Господин полковник сидел в низеньком зеленоватом будуарном креслице на возвышении вроде эстрады в правой части магазина за маленьким письменным столиком. Груды голубоватых картонок с надписью «Мадам Анжу. Дамские шляпы» возвышались за его спиной, несколько темня свет из пыльного окна, завешенного узористым тюлем. Господин полковник держал в руке перо и был на самом деле не полковником, а подполковником в широких золотых погонах, с двумя просветами и тремя звездами, и со скрещенными золотыми пушечками. Господин полковник был немногим старше самого Турбина — было ему лет тридцать, самое большое тридцать два. Его лицо, выкормленное и гладко выбритое, украшалось черными, подстриженными по американски усиками. В высшей степени живые и смышленные глаза смотрели явно устало, но внимательно.

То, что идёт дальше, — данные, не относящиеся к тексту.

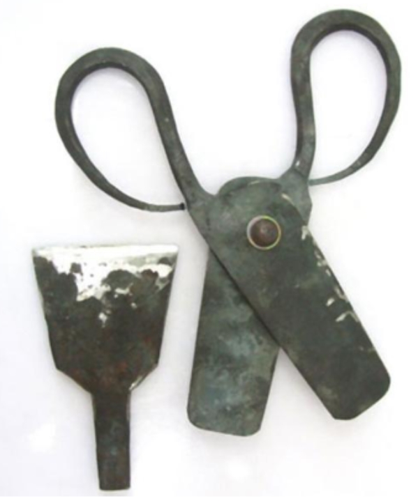 행인을 불러모으는 엿가위와 엿을 자르는 납작한 정. 요즘은 민속품으로 인터넷에서 중고품으로 판다. 이 엿기구는 5만 6천 원에 나와 있다. 11번가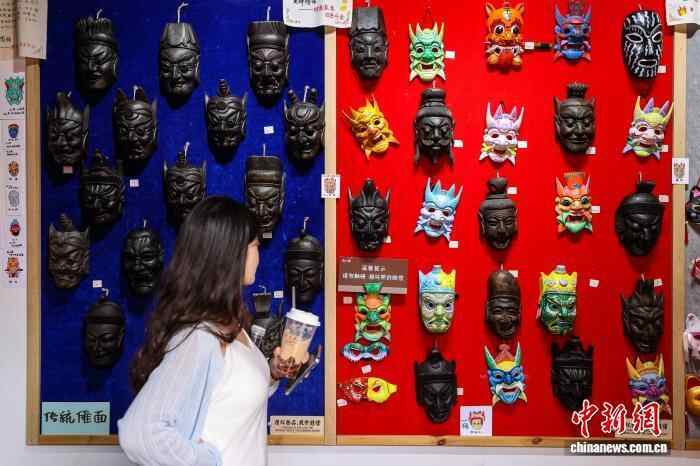 10月4日,乌江寨的傩戏面具吸引游客。中新社记者 瞿宏伦 摄

Вокруг полковника царил хаос мироздания. В двух шагах от него в маленькой черной печечке трещал огонь, с узловатых черных труб, тянущихся за перегородку и пропадавших там в глубине магазина, изредка капала черная жижа. Пол, как на эстраде, так и в остальной части магазина, переходивший в какие-то углубления, был усеян обрывками бумаги и красными и зелеными лоскутками материи. На высоте, над головой полковника трещала, как беспокойная птица, пишущая машинка, и когда Турбин поднял голову, увидал, что пела она за перилами, висящими под самым потолком магазина. За этими перилами торчали чьи-то ноги и зад в синих рейтузах, а головы не было, потому что ее срезал потолок. Вторая машинка стрекотала в левой части магазина, в неизвестной яме, из которой виднелись яркие погоны вольноопределяющегося и белая голова, но не было ни рук, ни ног.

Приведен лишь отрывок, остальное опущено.